Edouard Balladur conclut en soulignant une certaine cohérence dans les réformes sur
lesquelles il a travaillé : la réforme constitutionnelle a apporté un meilleur équilibre entre
le parlement et l’exécutif ; la réforme territoriale doit en créer un entre l’État et les
collectivités qui réclament des pouvoirs et des moyens financiers.
Laurent Béteille propose à l’assemblée de se livrer au jeu des questions - réponses.
Xavier Guiomard, conseiller municipal de Chalo-Saint-Mars s’interroge sur la disparition
des syndicats communaux qui ont souvent des compétences dépassant la notion de territoires
communaux.
Edouard Balladur n’est pas opposé au maintien de ceux qui sont justifiés.

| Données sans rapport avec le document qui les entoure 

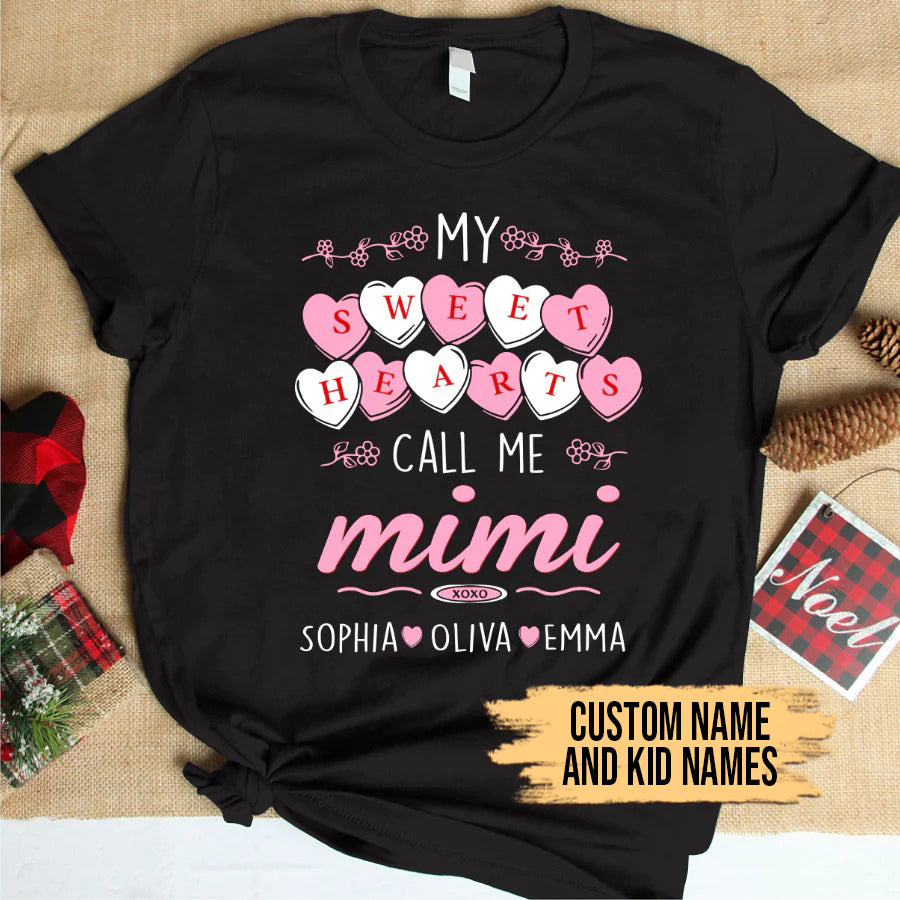 Mimi and Kids Custom Name T-shirt, My Sweet Hearts call me Mimi Valentine Personalized Shirt - Perfect Gift For Gigi, Nana, Mimi, Grandma
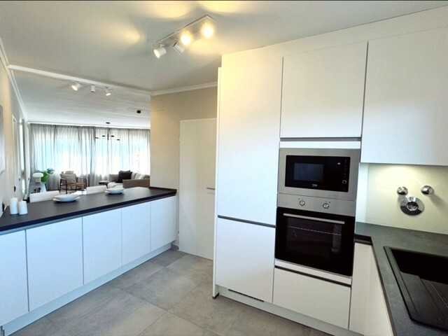 • Offene Küche mit neuer, maßgefertigter Einbauküche, modernen Elektrogeräten und einem eleganten Tresen, ideal für den Morgenkaffee oder ein Glas Wein am Abend
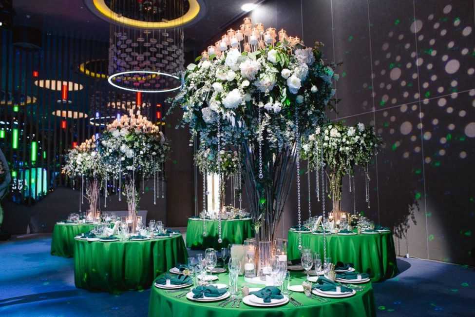 - Высота букетов на столе не должна превышать 25 см, иначе цветы будут загораживать гостям обзор.
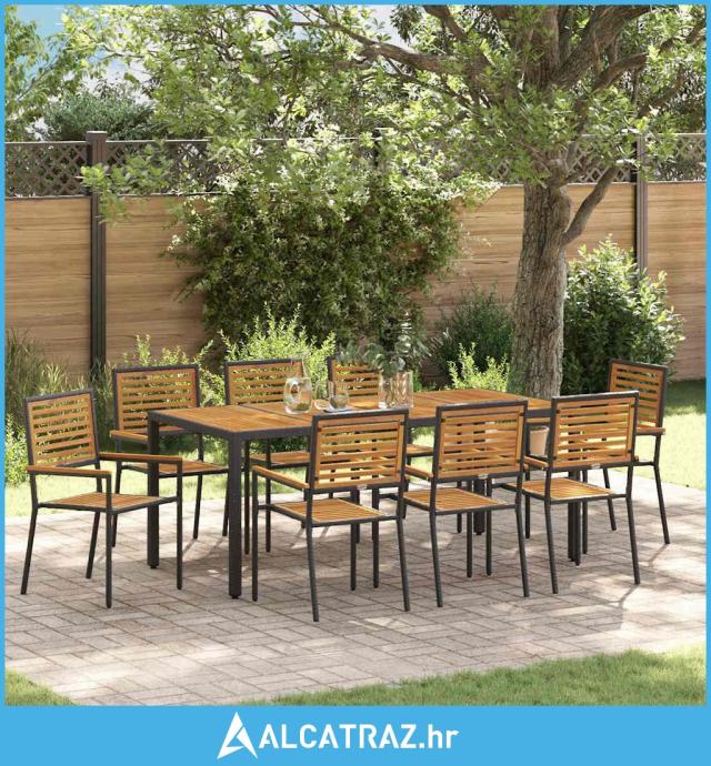 Ovaj prostrani vrtni trgovački set ima moderan izgled, s čvrstim crnim metalnim okvirom i drvenom površinom. Savršeno je za veće vanjske prostore kao što su vrtovi i terase, može ugostiti do osam osoba s odgovarajućim stolicama, što je savršeno za obroke i opuštanje s obitelji i prijateljima.
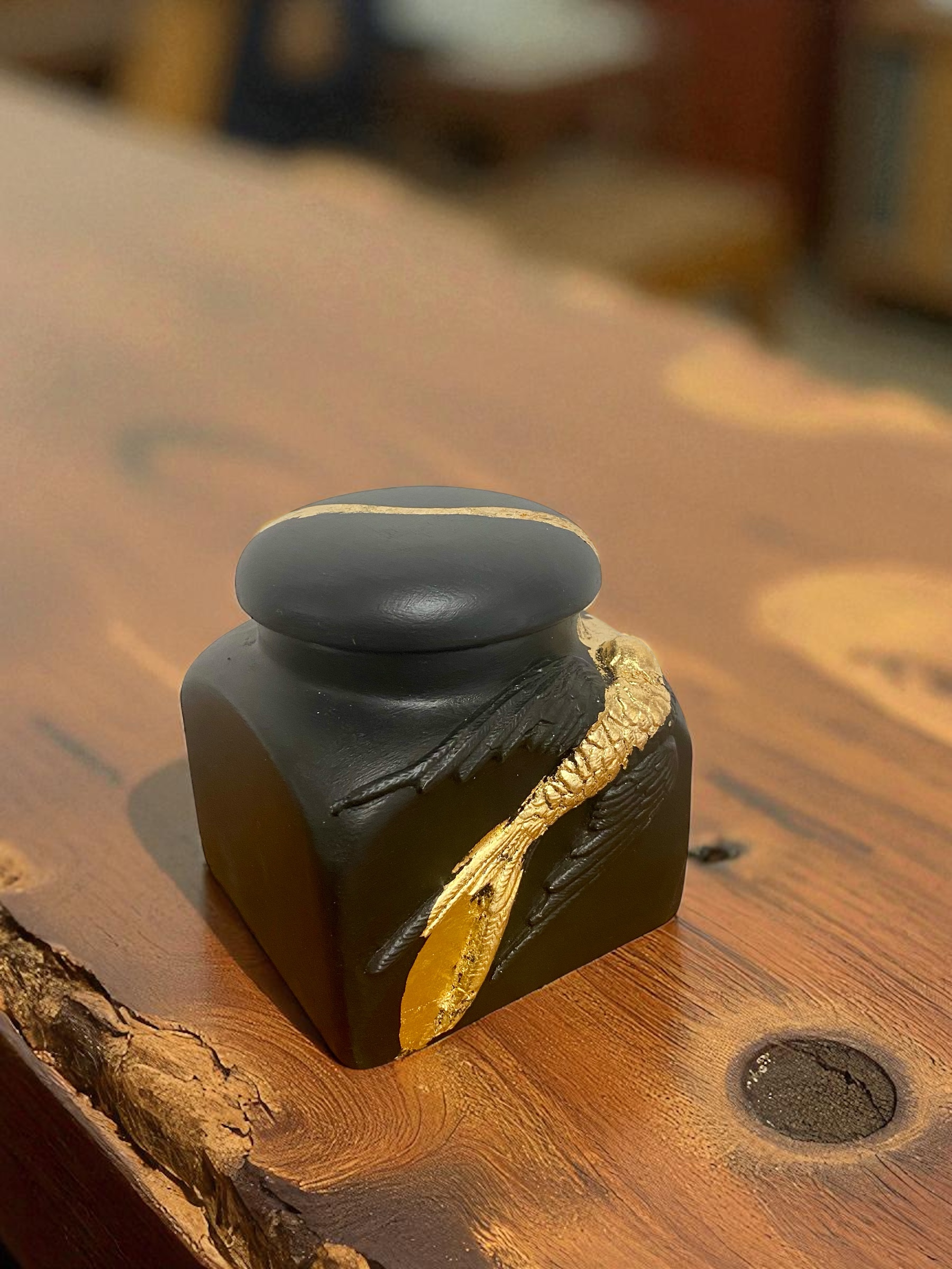 Petit pot décoratif noir et doré avec moulures oiseaux – pièce artisanale unique
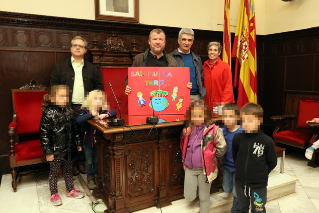 El alcalde de Sagunto, Quico Fernández, ha recibido hoy en el consistorio a 120 alumnos y alumnas de infantil del colegio Villar Palasí quienes le han presentado el proyecto Salvem la terra, un trabajo en el que han estudiado la situación en la que han visto cómo se encuentra el municipio. El alumnado del centro, junto a varias profesoras, han entregado al alcalde, así como al concejal de Medio Ambiente, Enric Ariño, y el delegado de Educación, José Manuel Tarazona, un dosier donde explican la situación que han visto en la que se encuentra el municipio, así como las propuestas de mejora que aportan.
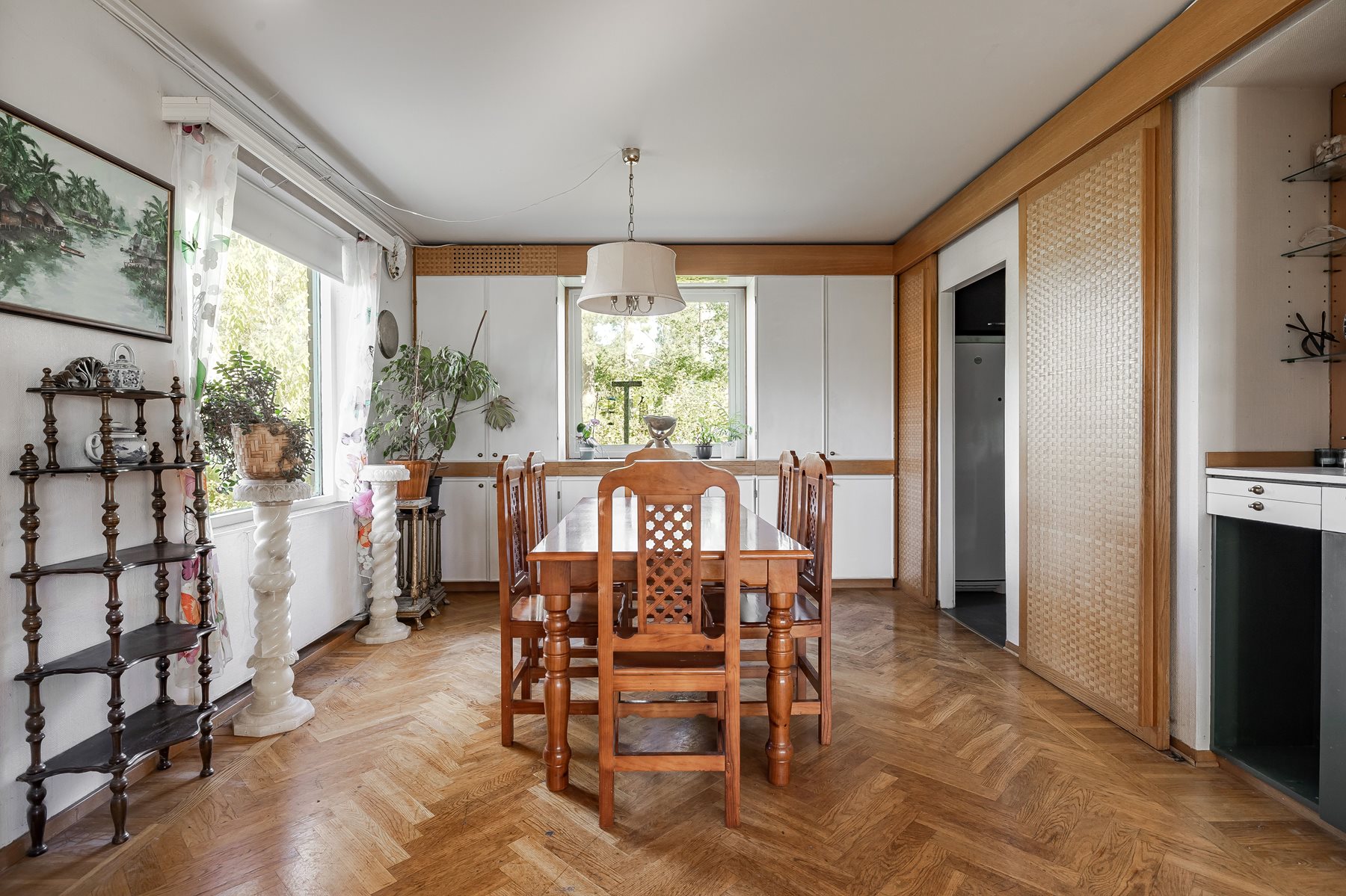 Ett rum fyllt av ljus och rymd, där fiskbensparketten harmonierar med de ljusa vävtapeterna. Stora fönsterpartier bjuder in gårdens grönska och skapar en härlig atmosfär. Här finns en charmig täljstenskamin som sprider värme och stämning under kyligare dagar. Platsbyggda förvaringslösningar ansluter till matrummet, som enkelt kan skiljas av från köket med skjutdörrar. Från vardagsrummet nås en rymlig balkong med stenplattor, markis och glasräcke – en plats för både morgonkaffet och sommarens middagar. En trappa leder dig vidare ner till gården.
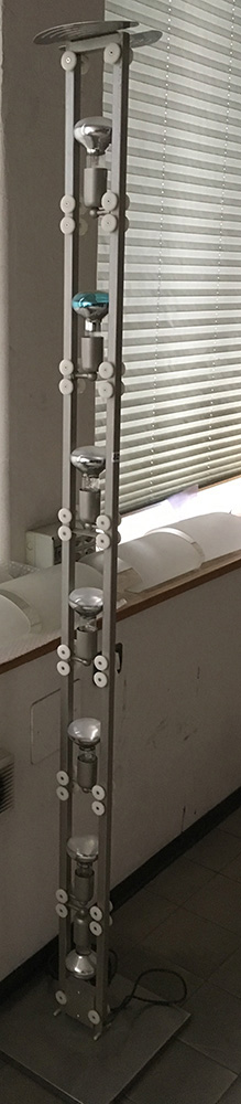 Lampada da terra con struttura in acciaio e metallo verniciato con paralumi in vetro satinato. Produzione recente. (h cm 199) (lievi difetti)
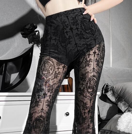 ボトムス ズボン パンツ ワイドパンツ レース シースルー ラッパパンツ
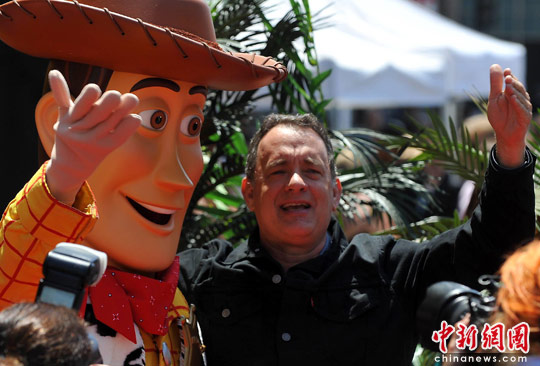 主角伍迪牛仔献声的好莱坞巨星汤姆·汉克斯(Tom Hanks)出席了首映式。中新社发 张炜 摄
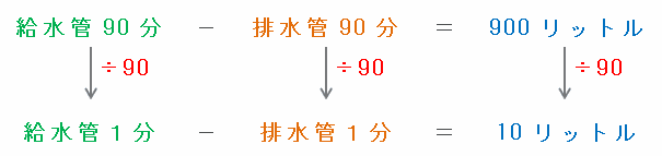 その様子を式に表すと、次の図のように「給水管90分-排水管90分=900リットル」となり、さらにその式全体を90で割ると「給水管1分-排水管1分=10リットル」と表せます。
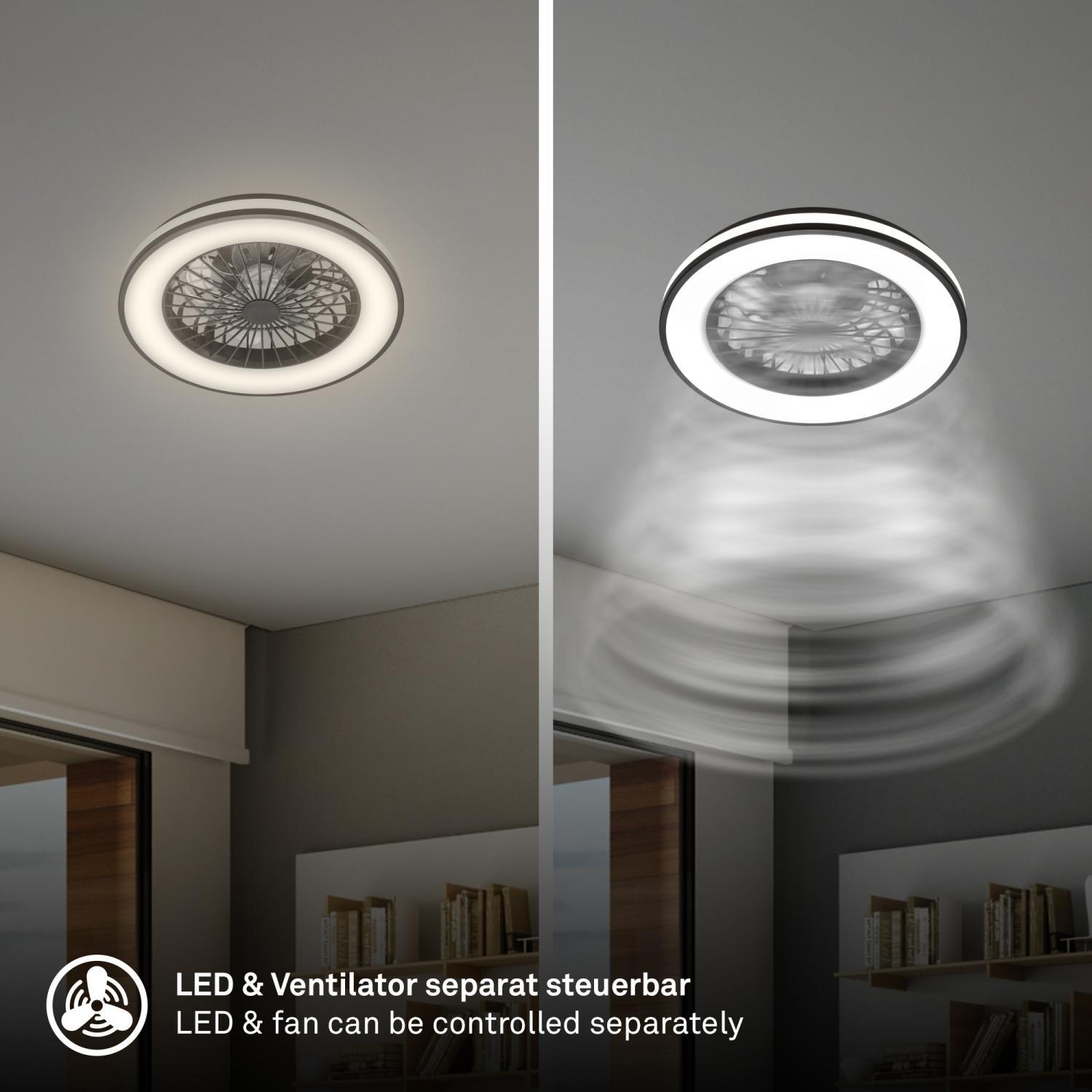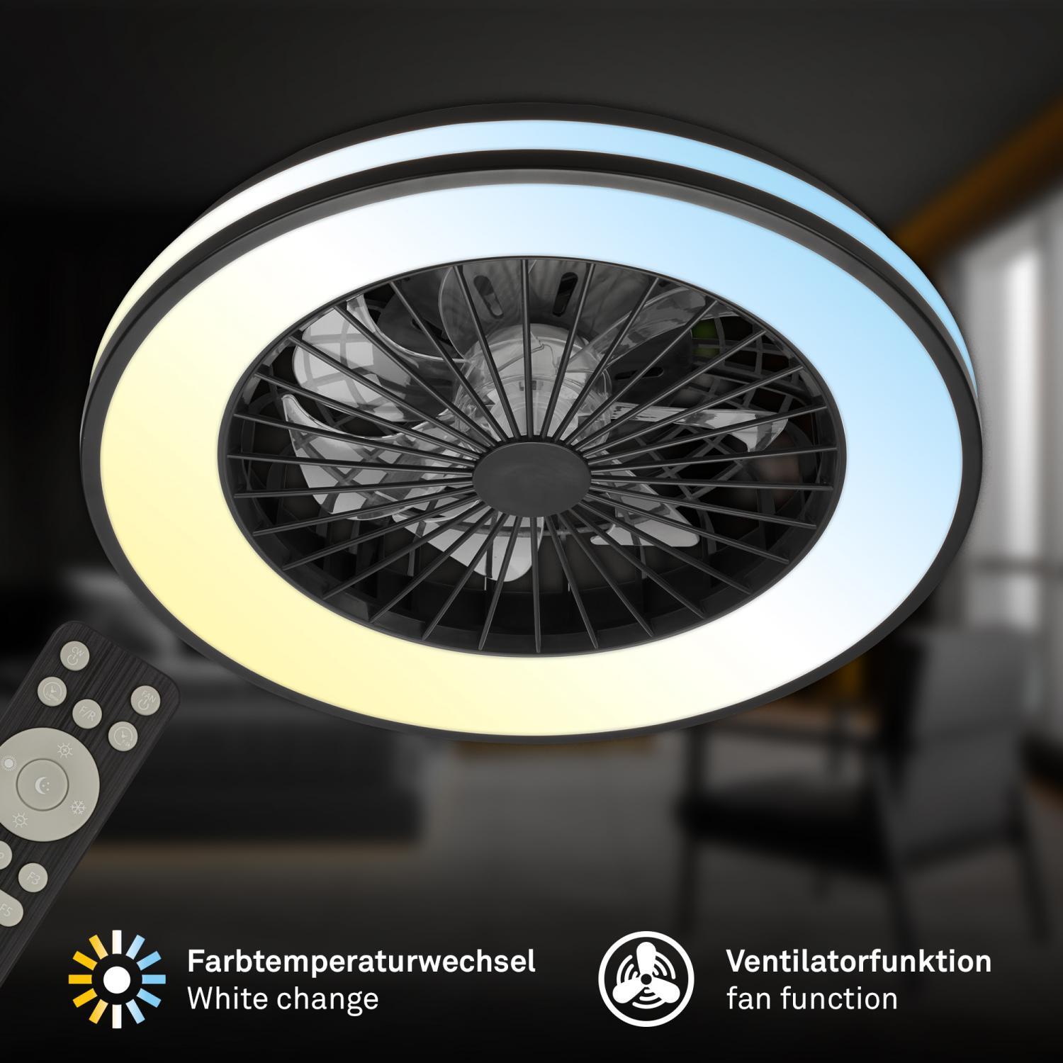 BRILONER LED stropní svítidlo s ventilátorem, 5 rychlostí, dálkový ovladač, CCT, černé 3801015
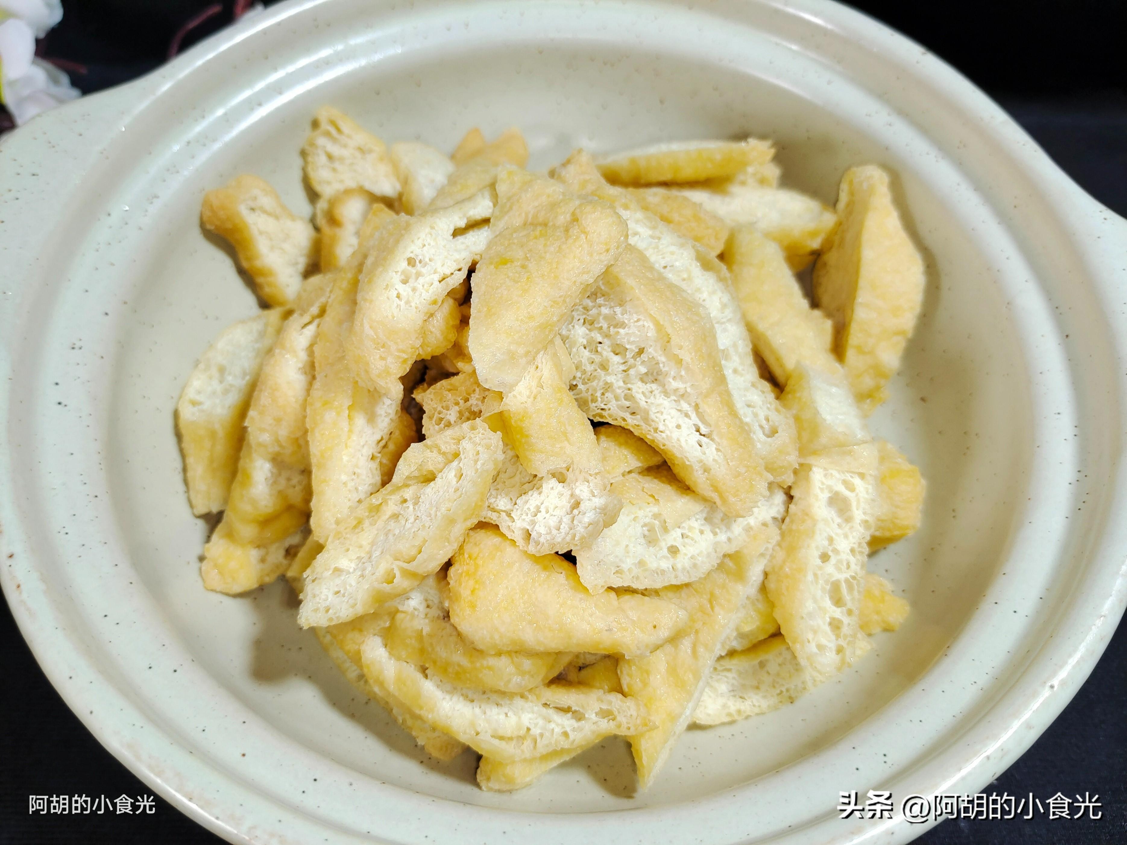 第一步:準備一些油豆腐,很多朋友怕油豆腐太油膩了,這裏建議可以將油豆腐下入開水鍋中焯燙一分鐘左右,過程中用勺子按壓入水中,撈出後再快速用涼水衝一衝,直至完全冷卻。而後將其撈出擠幹水分,再簡單改刀切成長條形待用。如若用的是那種小方塊的油豆腐,則就在其表面切開一個口子即可待用。
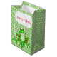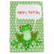 Cute grönt grog på mjuk grönt och vit polka-punktbakgrund med tal bubbla under vilken ålder som helst. Text kan redigeras.

Françoise Ribière, Maire d’Igny, fait une déclaration dans laquelle elle explique qu’elle
pense que la réforme est uniquement politique, pour avoir ure revanche sur la gauche et pour
asphyxier les collectivités locales qui assurent pourtant l’essentiel des fonctions publiques
mais n’en représentent qu’une infime partie du déficit.
Elle constate des problèmes induits par cette réforme en gestation, notamment par rapport aux
réflexions en cours sur l’évolution du plateau de Saclay.
Elle demande que l’Association des Maires de France puisse en discuter au préalable et
réclame plus de concertation avant de lancer la réforme.
Edouard Balladur, rappelle que la mise en application de la réforme en 2014 donne
justement du temps à tous pour s’exprimer, d’autant que cela fait des dizaines d’années que
les pouvoirs publics réfléchissent à la question, toutes tendances politiques confondues.
Discuter est indispensables mais il vient un moment où il faut décider.
La perte de temps engendre une perte d’autonomie, créant ainsi un surplus de tutelle de l’État.
Nicolas Dupont-Aignan, Député Maire de Yerres, souligne qu’il est effectivement temps de
se décider et de clarifier les situations floues.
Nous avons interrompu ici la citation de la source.